For a start, you have to batch convert from mp2 to wav 24 bit.
You are then presented with a pretty laborious task of loading them all in; I shall be loading them into Reason NN XTs to create patches, for example, of Pizzicato violin, etc.
My questions are: in the folder list for, say, the violin, you get Pizz piano and Pizz forte - does this mean you should zone the soft samples together from Velocity zero to 69 and then load the forte Pizz samples into another zone from velocity 70 upwards? Thus to create a multi-samle velocity sensitive patch?
Or: should these be considered separate samples for separate patches, in this case, soft Pizz and loud Pizz?

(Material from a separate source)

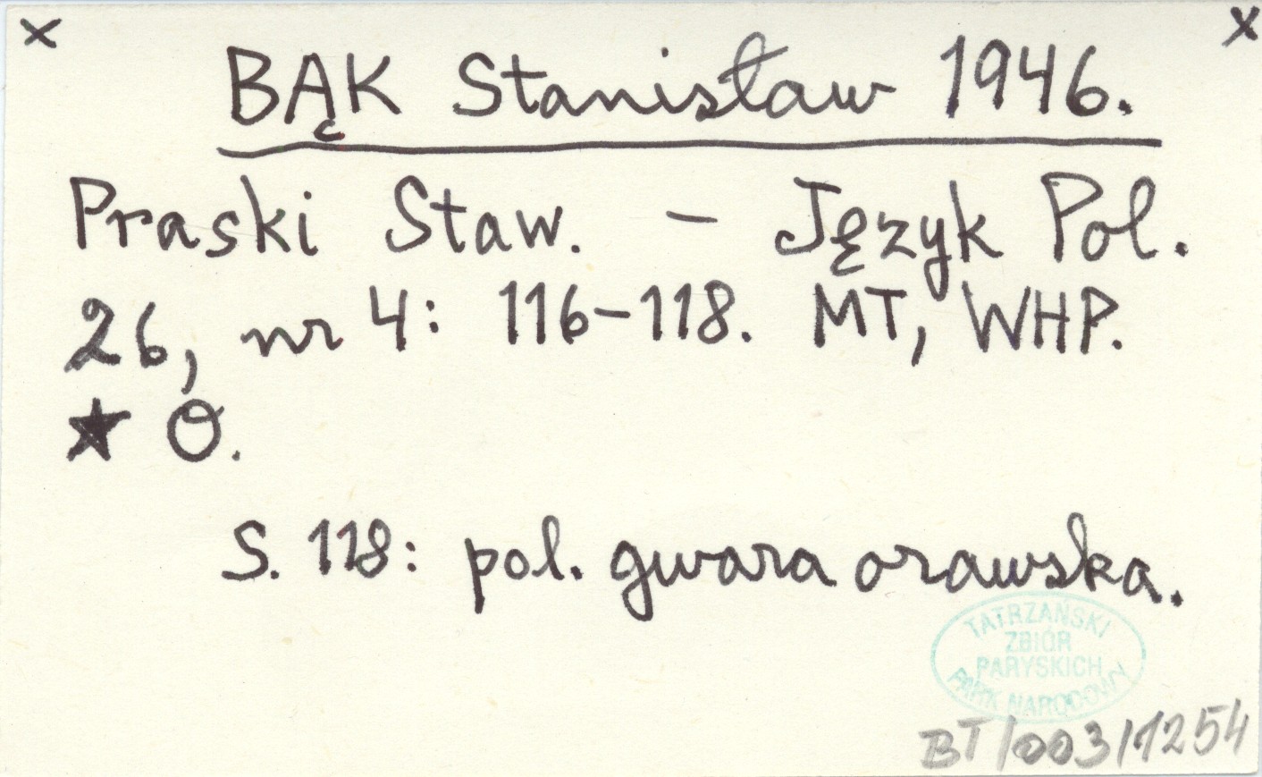 Język Polski, 26, nr 4: 116-118. S. 118: pol. gwara orawska.
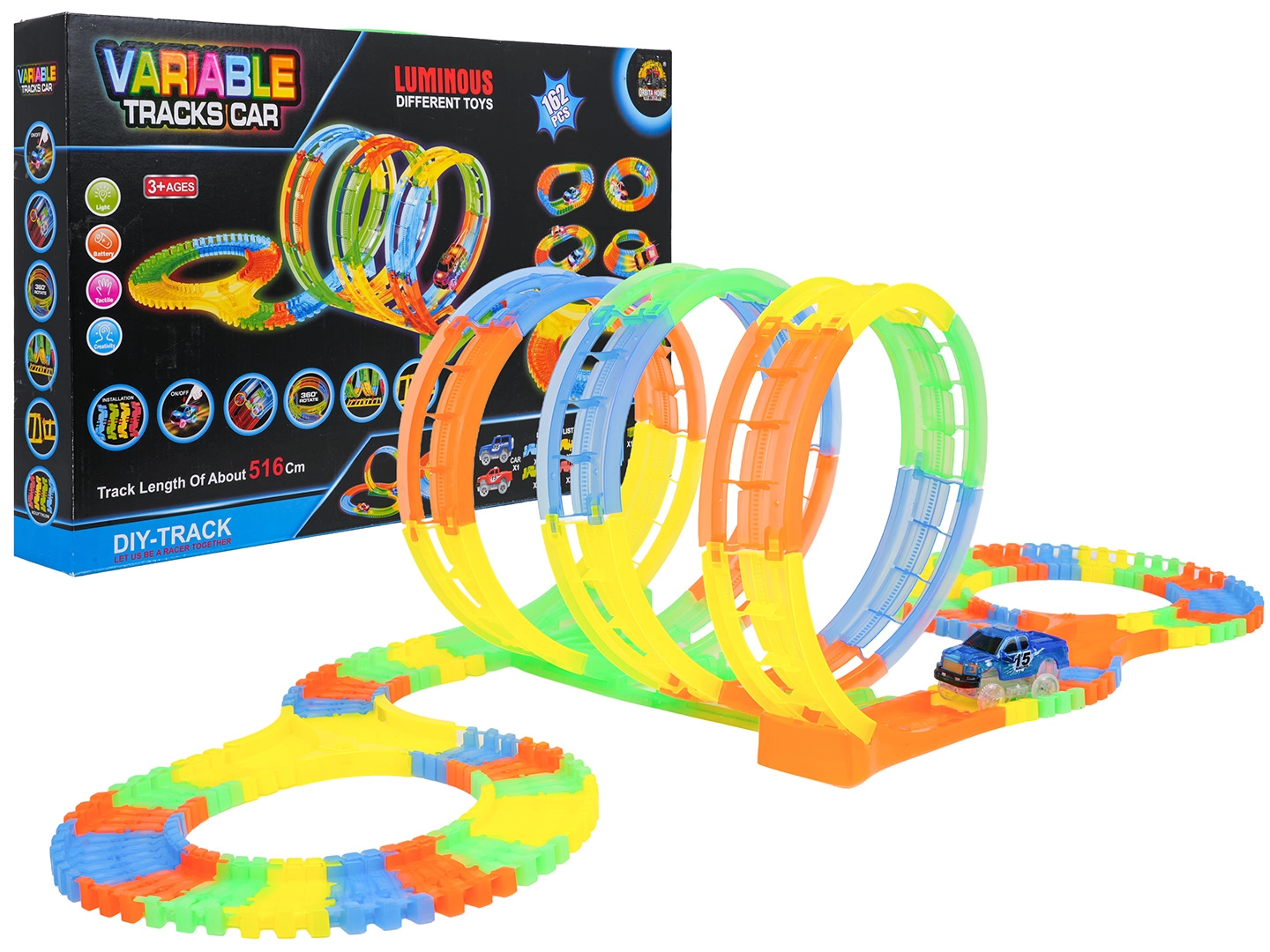 Suteikite vaikams begalę pramogų su lenktynine trasa, turinčia 162 dalis, kuri yra lanksti, šviečia tamsoje ir komplektuojama su LED automobiliuku. Detales galima lengvai susegti į įvairias formas ir kilpas, todėl mažieji lenktynininkai nuo 3 metų gali kurti savo trasas ir mėgautis kaskadiniais važiavimais su įspūdingu šviesos efektu.

Has anyone who uses Reason in fact created any patches using the free samples from London Philharmonia - they are beautiful and noise free; much better than London Solo Strings Refill, which, frankly, are very noisy, and not at all worth the $99 asking price, IMO
Am I in fact wasting my life doing this?
thanks
I would say yes with regard to putting forte and piano together in one patch, although you could do either. This is the old ‘velocity layers’ paradigm.
I’m quite a fan of the Sonatina Symphonic Orchestra patch set, which is ‘free as in freedom’ as well as free of charge. http://sso.mattiaswestlund.net/ What I actually use is a conversion of this library (in SFZ format by default) to soundfonts, although I can’t remember where I found that.
Is there something that can convert from soundfonts or SFZs to Reason patches? Or maybe someone has done that already? If the SSO set satisfies you that might be the answer.
I have loaded Soundfonts successfully into the NN XT, using Reason 7.1.
This means, for example, i can load the Proteus 2000 orchestral collection from Digital Sound Factory.
There are currently about 12 different orchestral or related Strings libraries for Reason, many for free or for very little money. But Orkestra is still surprisingly good for articulation sets, even though quality wise the samples are bit lacking IMO.
Thanks for the tip; I am always one the look out for orchestral samples for Reason, both free and commercial. I am writing a book about Reason called Refill Yourself, which covers Refills, WAV and Soundfont libraries, provided they are legitimate and legal of course.
There was this great commercial library from Artificial Ear, back in 2009;l sadly, the company has gone, but i would still like to find this library for the solo violin. I never use torrents, btw, so any one knows of any legitimate way of obtaining these samples …
I have discovered a couple of unauthorised libraries, which obviously i can't refer to in my book.
I think I have just about all the WAV sample libraries for Reason, consulting the every wonderful Reason Freaks site, the book is actually running to six volumes!!!
If anyone can think of any other free sample libraries, particularly for unusual percussion and drums loops (demanding a complete volume on its own!), I would be grateful for any heads up.
There is actually plenty on free sound to do with orchestral items, I am new here, so I must have a look.
Sounds interesting what you’re doing. I’m a Linux musician, but when I used to use Windows I always thought Reason looked a lot of fun.
There seem to be companies out there that buy the rights to sample libraries from folded companies (they come and go on a regular basis...). http://www.ilio.com was mentioned lately, and stocks copies of sample libraries that anyone and everyone used in the 90s.
As for percussion, Freesound has a lot in this area. If you limit yourself to CC0 and CC-BY licensed samples, maybe you could make your own sample library!